Task prompt – Retype every entry word for word. Omit the pictures.

Stored records:
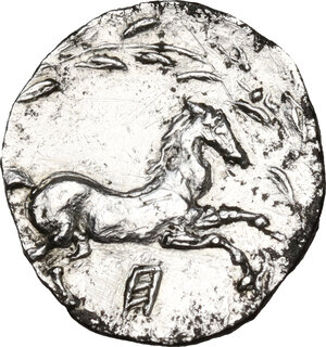 Horse leaping right; Punic H below,all within wreath
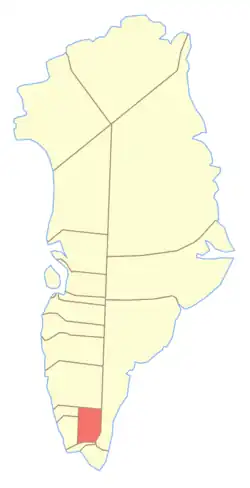 Kommune Kujalleq | seit 2009 | 6.292 | Distrikt Qaqortoq (3127) Distrikt Narsaq (1591) Distrikt Nanortalik (1574) | |
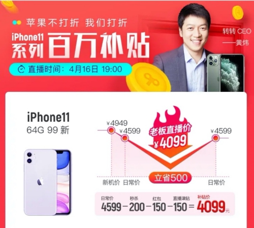 提供兩百萬(wàn)補(bǔ)貼,轉(zhuǎn)轉(zhuǎn)CEO黃煒直播賣(mài)手機(jī)
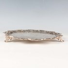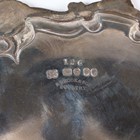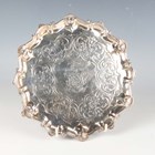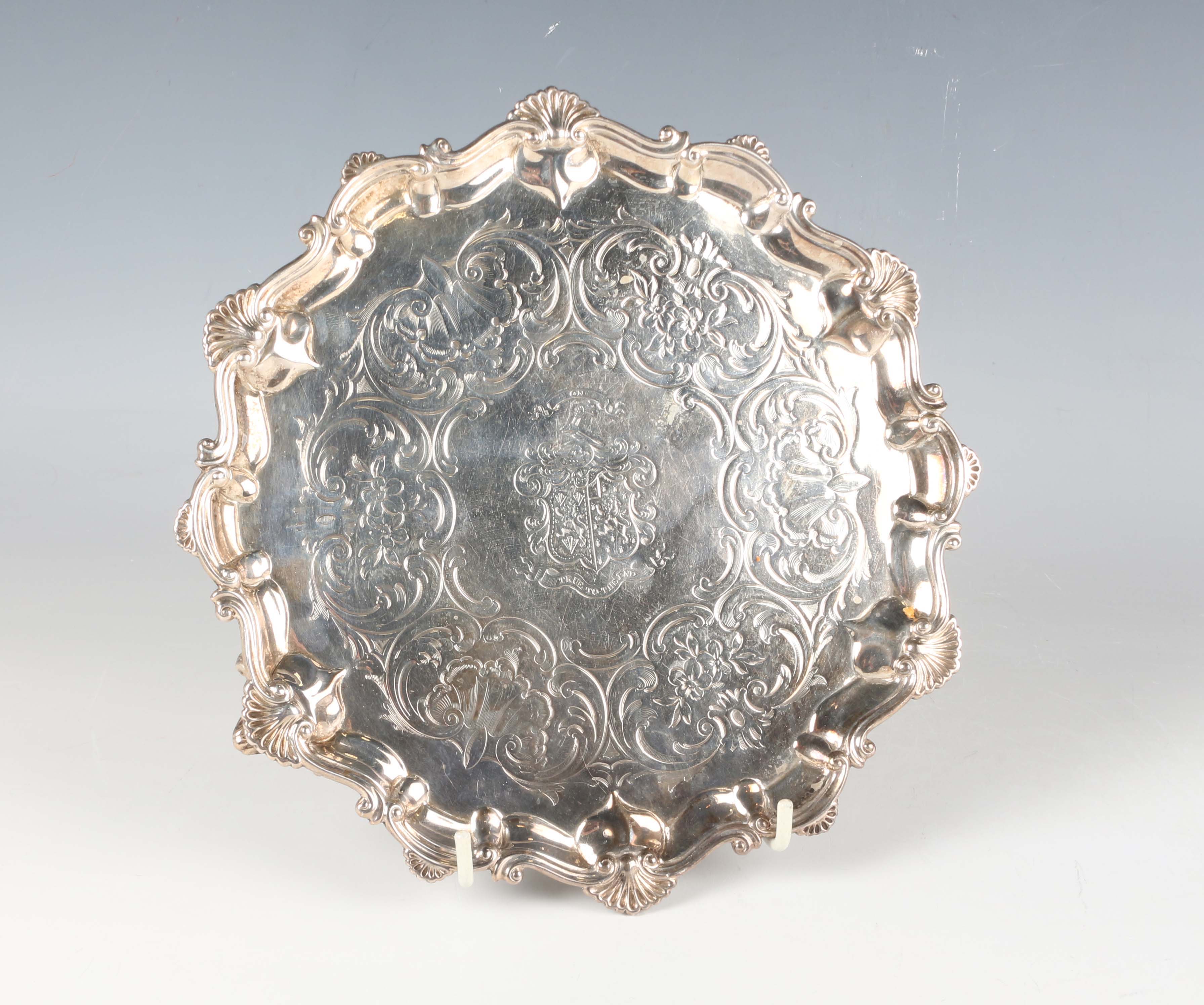 An early Victorian silver circular card salver, engraved with a coat of arms within a surround of floral and foliate scrolls, within a raised scallop shell and 'S' scroll rim, on scroll feet, London 1850 by Edward, John & William Barnard, weight 340g, diameter 21.5cm.
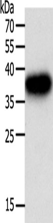 Western Blot analysis of A549 cell using PLAUR Polyclonal Antibody at dilution of 1:400
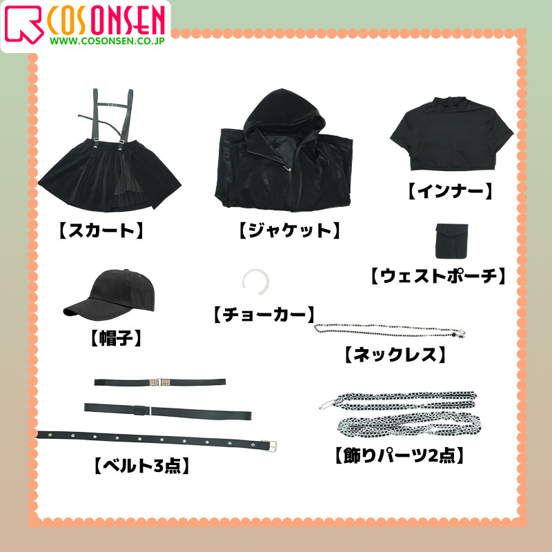 ジャケット、インナー、スカート、飾り物(帽子、チョーカー、ネックレス、ウェストポーチ、ベルト3点、飾りパーツ2点)
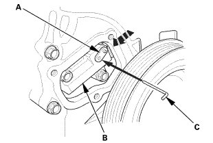 1. Rotate the crankshaft counterclockwise to align the holes on the lock (A) and the auto-tensioner (B), then insert a 1.2 mm (3/64 in) diameter pin (C) into the holes. Turn the crankshaft clockwise to secure the pin.
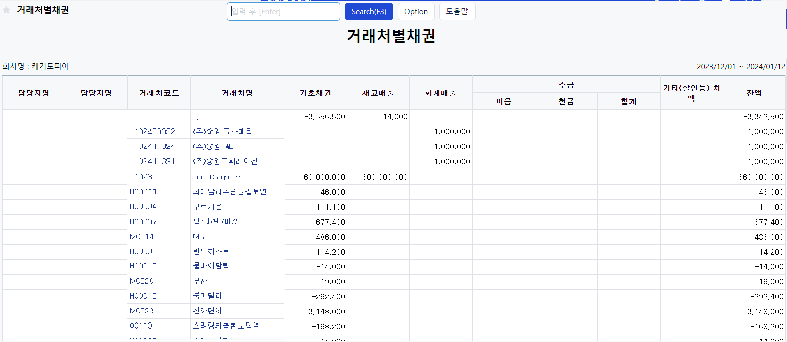 위 작업까지 진행을 해야 이카운트프로그램 채권잔액에 기준일자 기준으로 반영이 됩니다.
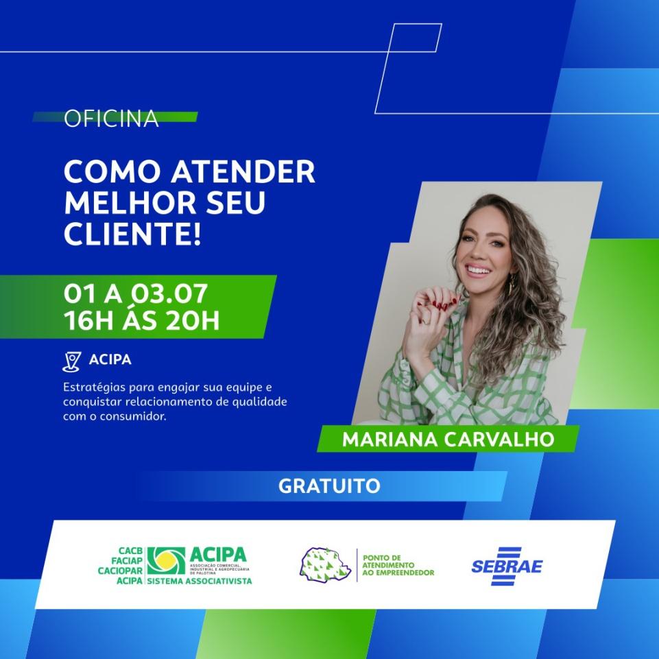 A equipe da Associação Comercial, Industrial e Agropecuária de Palotina (Acipa) anunciou nas redes sociais a realização de mais uma oficina voltada ao desenvolvimento profissional. Com o tema “Como atender melhor seu cliente”, a capacitação será ministrada por Mariana Carvalho entre os dias 1º e 3 de julho, das 16h às 20h, na sede da Acipa, em Palotina.
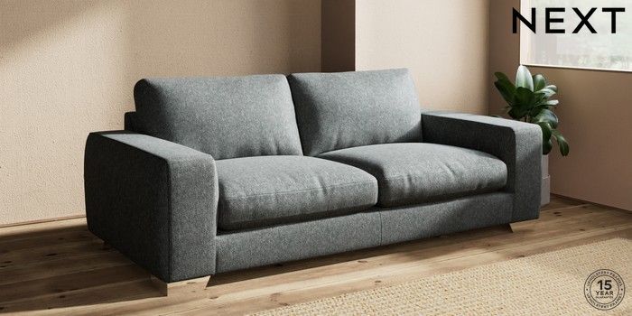 7.2.10 Houghton Deep Relaxed Sit 3 Seater Sofa Cotswold Chenille Dark Grey Large Square Angle - Chrome Metal | Made Click here to use our website with more accessibility support, for example screen readers
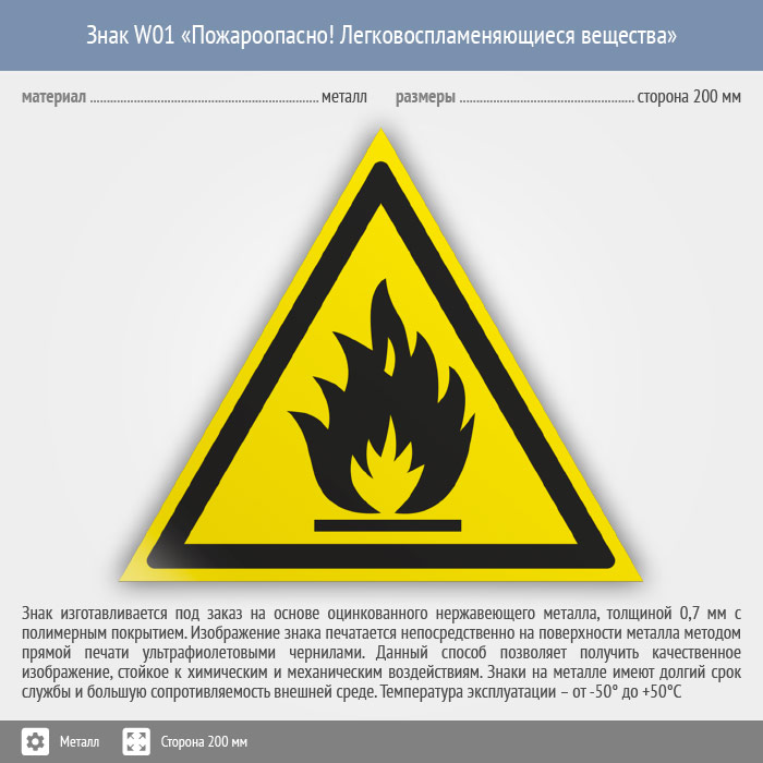 Знак W01 «Пожароопасно! легковоспламеняющиеся вещества» (металл, сторона 200 мм) в Кызыле купить
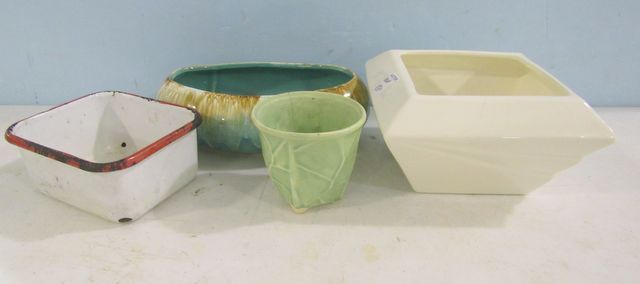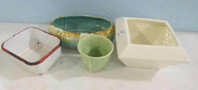 1069 Roseville Pottery Bowl, McCoy Leaf Vase, Haeger Planter, Enamel Tin
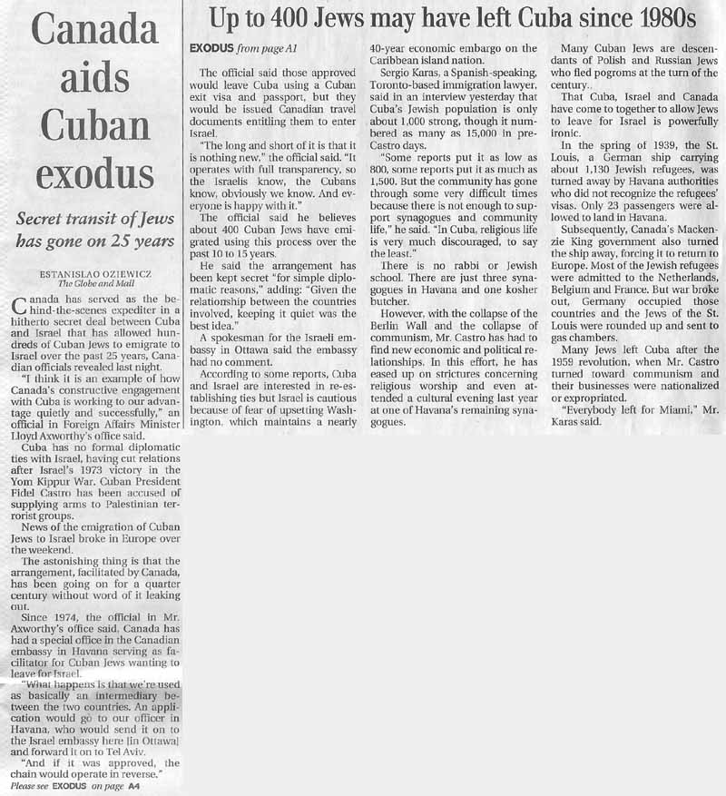 | Canada Aids Cuban Exodus | The Globe and Mail (Canada) | 11-Oct-99 | Download |
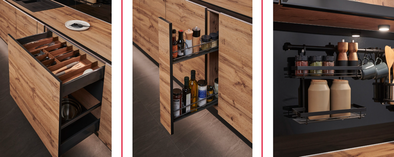 Koleksiyonlarımızın gizli kahramanları olan boy, köşe ya da tezgâh altı kiler ve çekmece içi organizasyon sistemleri, şişelik, tepsilik, çatal kaşıklık ve kapak düzenekleri de kullanım sırasında yine aynı form ahengiyle sahneye çıkarlar.
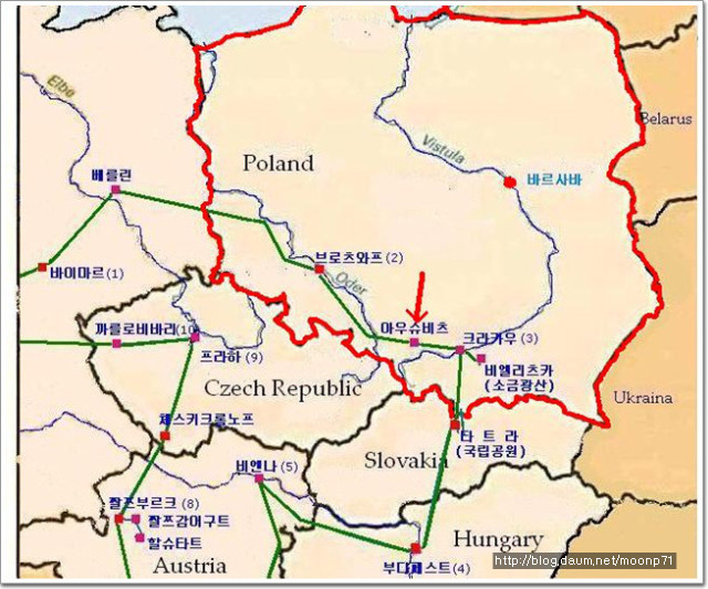 위치는 폴란드 바르샤바에서 약 300km
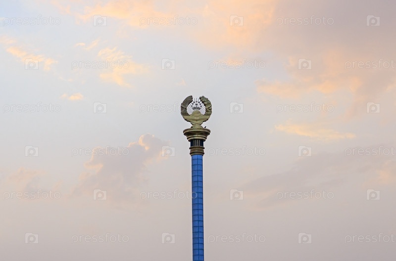 Герб Таджикистана на стеле. Душанбе
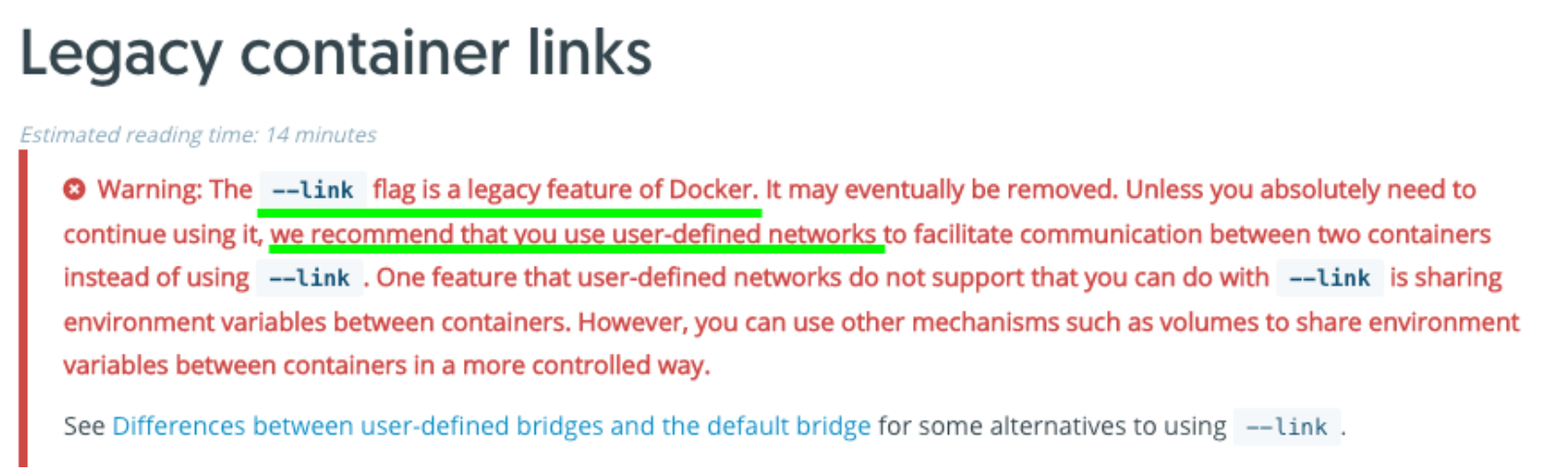 ※ 예전에는 Docker Link를 사용해서 private IP끼리 통신을 하도록 하였지만, 최근에는 Docker Link 방식을 권장하지 않고 있습니다. (곧 사라질 가능성이 있다.) 따라서 이번 포스팅에서는 Docker Network를 사용하도록 하겠습니다.
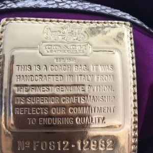 Exotic bag made by Coach this bag was made by hand and manufactured in Italy. Exquisite detailing. Can be worn on your forearm or as a shoulder bag.
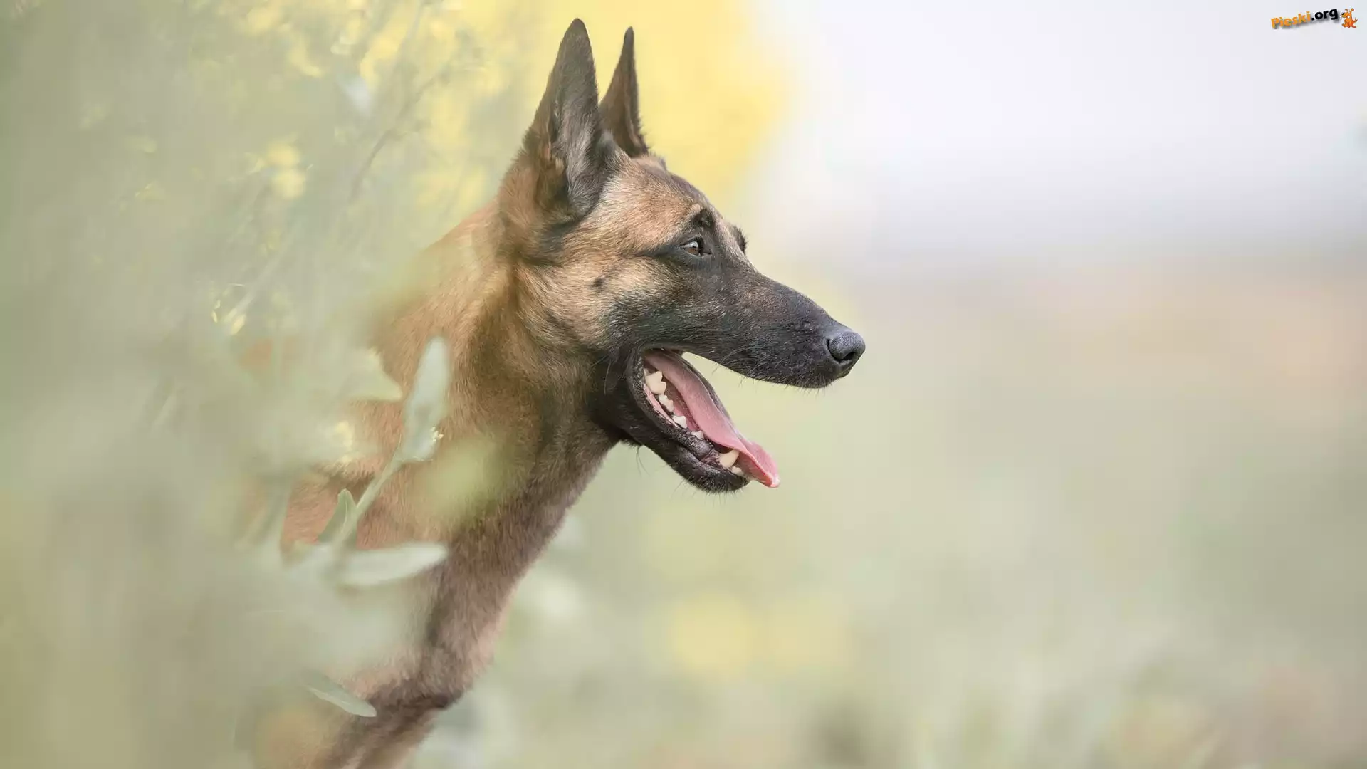 Pies, Owczarek belgijski malinois, Mordka Sowa, Pies, Owczarek belgijski Malinois, Syczek Wrzosy, Pies, Rozmyte, Mordka, Owczarek belgijski malinois, Jęzor, Tło
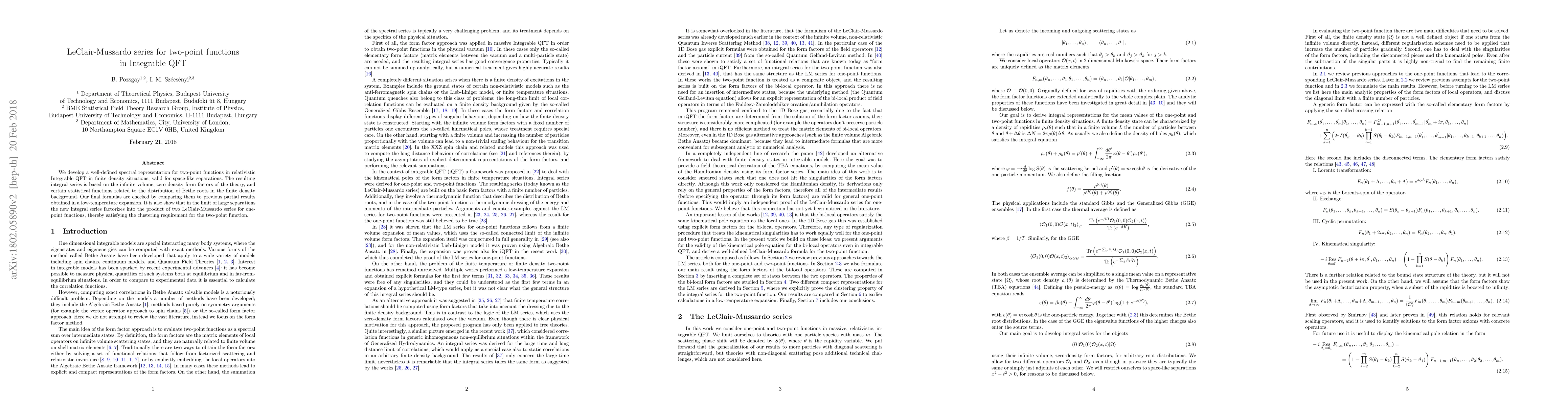 This paper develops a spectral representation for two-point functions in integrable quantum field theory (QFT) under finite density, utilizing the LeClair-Mussardo series. The results are validated against previous low-temperature expansions and show factorization into one-point functions in the large separation limit, satisfying clustering requirements.

Solution to the exercise –
 Horse leaping right; Punic H below,all within wreath
 Kommune Kujalleq | seit 2009 | 6.292 | Distrikt Qaqortoq (3127) Distrikt Narsaq (1591) Distrikt Nanortalik (1574) | |
 提供兩百萬(wàn)補(bǔ)貼,轉(zhuǎn)轉(zhuǎn)CEO黃煒直播賣(mài)手機(jī)
 An early Victorian silver circular card salver, engraved with a coat of arms within a surround of floral and foliate scrolls, within a raised scallop shell and 'S' scroll rim, on scroll feet, London 1850 by Edward, John & William Barnard, weight 340g, diameter 21.5cm.
 Western Blot analysis of A549 cell using PLAUR Polyclonal Antibody at dilution of 1:400
 ジャケット、インナー、スカート、飾り物(帽子、チョーカー、ネックレス、ウェストポーチ、ベルト3点、飾りパーツ2点)
 1. Rotate the crankshaft counterclockwise to align the holes on the lock (A) and the auto-tensioner (B), then insert a 1.2 mm (3/64 in) diameter pin (C) into the holes. Turn the crankshaft clockwise to secure the pin.
 위 작업까지 진행을 해야 이카운트프로그램 채권잔액에 기준일자 기준으로 반영이 됩니다.
 A equipe da Associação Comercial, Industrial e Agropecuária de Palotina (Acipa) anunciou nas redes sociais a realização de mais uma oficina voltada ao desenvolvimento profissional. Com o tema “Como atender melhor seu cliente”, a capacitação será ministrada por Mariana Carvalho entre os dias 1º e 3 de julho, das 16h às 20h, na sede da Acipa, em Palotina.
 7.2.10 Houghton Deep Relaxed Sit 3 Seater Sofa Cotswold Chenille Dark Grey Large Square Angle - Chrome Metal | Made Click here to use our website with more accessibility support, for example screen readers
 Знак W01 «Пожароопасно! легковоспламеняющиеся вещества» (металл, сторона 200 мм) в Кызыле купить
 1069 Roseville Pottery Bowl, McCoy Leaf Vase, Haeger Planter, Enamel Tin
 | Canada Aids Cuban Exodus | The Globe and Mail (Canada) | 11-Oct-99 | Download |
 Koleksiyonlarımızın gizli kahramanları olan boy, köşe ya da tezgâh altı kiler ve çekmece içi organizasyon sistemleri, şişelik, tepsilik, çatal kaşıklık ve kapak düzenekleri de kullanım sırasında yine aynı form ahengiyle sahneye çıkarlar.
 위치는 폴란드 바르샤바에서 약 300km
 Герб Таджикистана на стеле. Душанбе
 ※ 예전에는 Docker Link를 사용해서 private IP끼리 통신을 하도록 하였지만, 최근에는 Docker Link 방식을 권장하지 않고 있습니다. (곧 사라질 가능성이 있다.) 따라서 이번 포스팅에서는 Docker Network를 사용하도록 하겠습니다.
 Exotic bag made by Coach this bag was made by hand and manufactured in Italy. Exquisite detailing. Can be worn on your forearm or as a shoulder bag.
 Pies, Owczarek belgijski malinois, Mordka Sowa, Pies, Owczarek belgijski Malinois, Syczek Wrzosy, Pies, Rozmyte, Mordka, Owczarek belgijski malinois, Jęzor, Tło
 This paper develops a spectral representation for two-point functions in integrable quantum field theory (QFT) under finite density, utilizing the LeClair-Mussardo series. The results are validated against previous low-temperature expansions and show factorization into one-point functions in the large separation limit, satisfying clustering requirements.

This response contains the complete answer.